Asymptomatic infections with moderate levels of parasitemia are major gametocyte reservoirs in high and moderate transmission settings and contribute disproportionately to onward transmission (6–8). In low transmission settings, where individuals have less protective immunity against clinical disease, asymptomatic parasitemias are typically low-density (9), undetectable by point-of-care testing (10), and linked to persistent carriage across transmission seasons (11, 12), but are of unknown clinical and public health relevance. Asymptomatic parasitemia in low transmission settings could be important if they are a prelude to clinical malaria in the infected individual or a source of transmission to other individuals. However, few cohort studies have been conducted in pre-elimination settings to understand the relationships between asymptomatic parasitemia and subsequent clinical malaria or asymptomatic parasitemia and subsequent parasitemia in other household members.

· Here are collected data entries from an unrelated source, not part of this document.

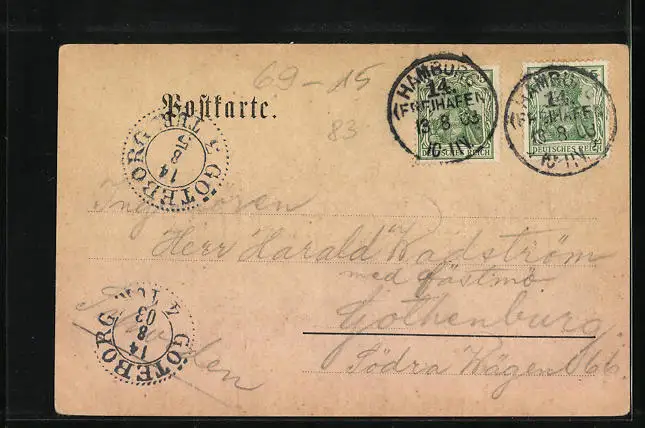 alte Ansichtskarte, gelaufen 1903, Stempelspur, Eckknick re. unten, guter Zustand
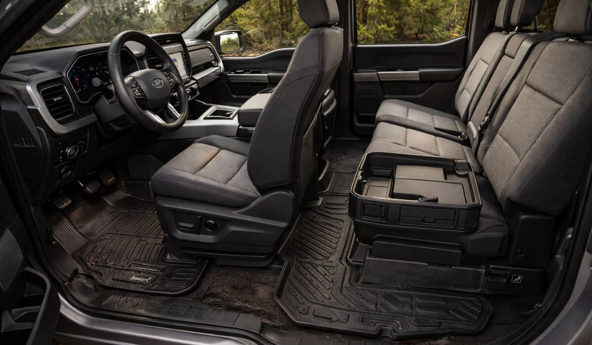 Many F-150 trims — especially Lariat, King Ranch, Platinum, and Lightning variants — offer Fold-Flat Storage or LUX under-seat storage boxes beneath the rear bench. These systems raise the rear floor height and alter liner clearance.
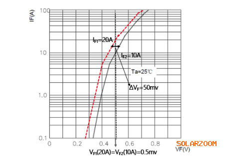 《無法忽視的真相》一文中,作者以二極管正向耐壓曲線來杜撰所謂的并聯(lián)二極管分流特性圖,文中錯誤地標識圖表,有意夸大事實、混淆視聽。比如,該圖中列出VF1(20A)= VF2(10A)=0.5mV,而實際上曲線中的數(shù)據(jù)點指向了0.5V,兩者相差1000倍,這種數(shù)據(jù)如何讓人信服?而在幾天之后的另外一篇文章《一圖看懂超大組件接線盒的安全風險》中,該文作者又悄然將這部分的內(nèi)容刪除,這是典型的信心缺失。
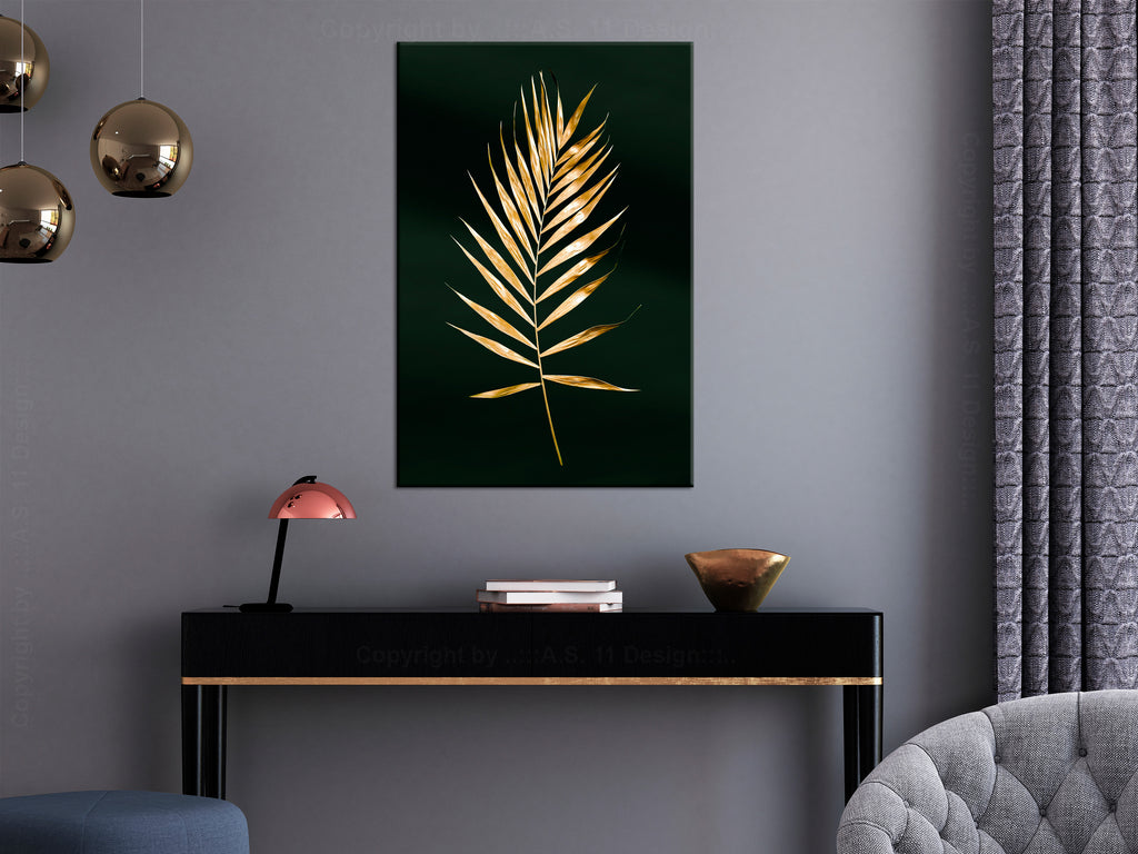 Laat de canvas print "Schilderij - Sophisticated Leaf (1 Part) Vertical" uw woning en de woningen van uw dierbaren veranderen!
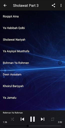 Aplikasi Kumpulan Sholawat Nabi Lengkap MP3 (100% Offline). Berisi berbagai koleksi qasidah hadroh dan berbagai lagu sholawat terbaik dengan suara nyaring dan merdu. Kualitas audio MP3 terjamin bagus, jernih dan HD.
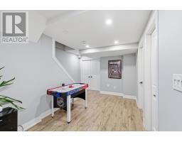 This stunning two storey brick home combines modern design, premium upgrades, and exceptional outdoor living on an oversized lot. The home features four bedrooms and three bathrooms with a functional, family friendly layout. The professionally landscaped, fully fenced backyard is a private retreat, exceptionally large and surrounded by mature trees for privacy. Enjoy a luxury patio for entertaining, expansive green space, a trampoline area, and a fully automated irrigation system keeping the yard lush all summer. Inside, a custom foyer with live edge wood accent leads to a bright open concept main floor with oak hardwood flooring and multi zone dimmable pot lights. The chef inspired kitchen features quartz countertops, stylish backsplash, stainless steel appliances, garburator, under cabinet lighting, soft close cabinetry, filtered drinking water tap, large centre island with breakfast bar, modern pendant lighting, and a butler style coffee bar. The dining and living areas include a built in sound system with in wall JBL speakers, dual subwoofers, and in ceiling speakers for music, movies, and entertaining. Sliding doors provide direct backyard access. The fully finished basement has sound proof ceilings, insulated underlay for warmth, oversized windows, storage, and open space for a recreation room, gym, or extra living area. Upstairs offers four bedrooms, including a primary retreat with shiplap accent wall, electric fireplace, spa inspired ensuite with soaker tub, walk in shower, and custom walk in closet. Pot lights, ceiling fans, second floor laundry, and motion activated closet lighting add convenience. Additional features include a 2022 roof with upgraded shingles, newer garage doors 2025, whole home HEPA air purification, 2022 water softener, extensive landscaping, and premium built in audio. Located on a quiet, family friendly street near schools, parks, trails, downtown Brooklin, and quick access to Highways 407 and 412. (id:61594)

This work describes a prospective longitudinal cohort study designed to capture all cases of clinical malaria and asymptomatic subpatent parasitemia in a geographically defined population in Southern Province, Zambia. Background prevalence of asymptomatic parasitemia with Plasmodium falciparum is 1–3% by quantitative PCR (qPCR) (13). Specifically, this study seeks to guide elimination strategies in low transmission settings through examination of asymptomatic parasitemia: its risk factors, its epidemiologic relationship to incident clinical malaria, and evidence of its linkage to ongoing transmission.
Methods
Study Site
A 24-month longitudinal cohort study was conducted from October 2018 through September 2020 in Choma District, Southern Province, Zambia, a low-transmission setting typical of southern Zambia. The region has a tropical savannah climate with a rainy season from December to April, followed by a cool dry season from May to August, and a hot dry season from September to November. The primary malaria vector is Anopheles arabiensis, which peaks during the rainy season (14, 15). The study site was a contiguous two-square-kilometer area, defined by natural borders of roads and footpaths, located within the catchment of Mapanza Rural Health Centre (RHC) (Fig. 1).
Household and participant selection
All households within the study site were enumerated using satellite imagery and were invited to participate. Geocoordinates of consenting households were captured by global positioning system (GPS) devices. Throughout the study period, newly constructed and newly occupied households in the study area also were invited to participate. Enrolled households were visited monthly for a minimum of one year. If a household agreed, the study visits continued into a second year.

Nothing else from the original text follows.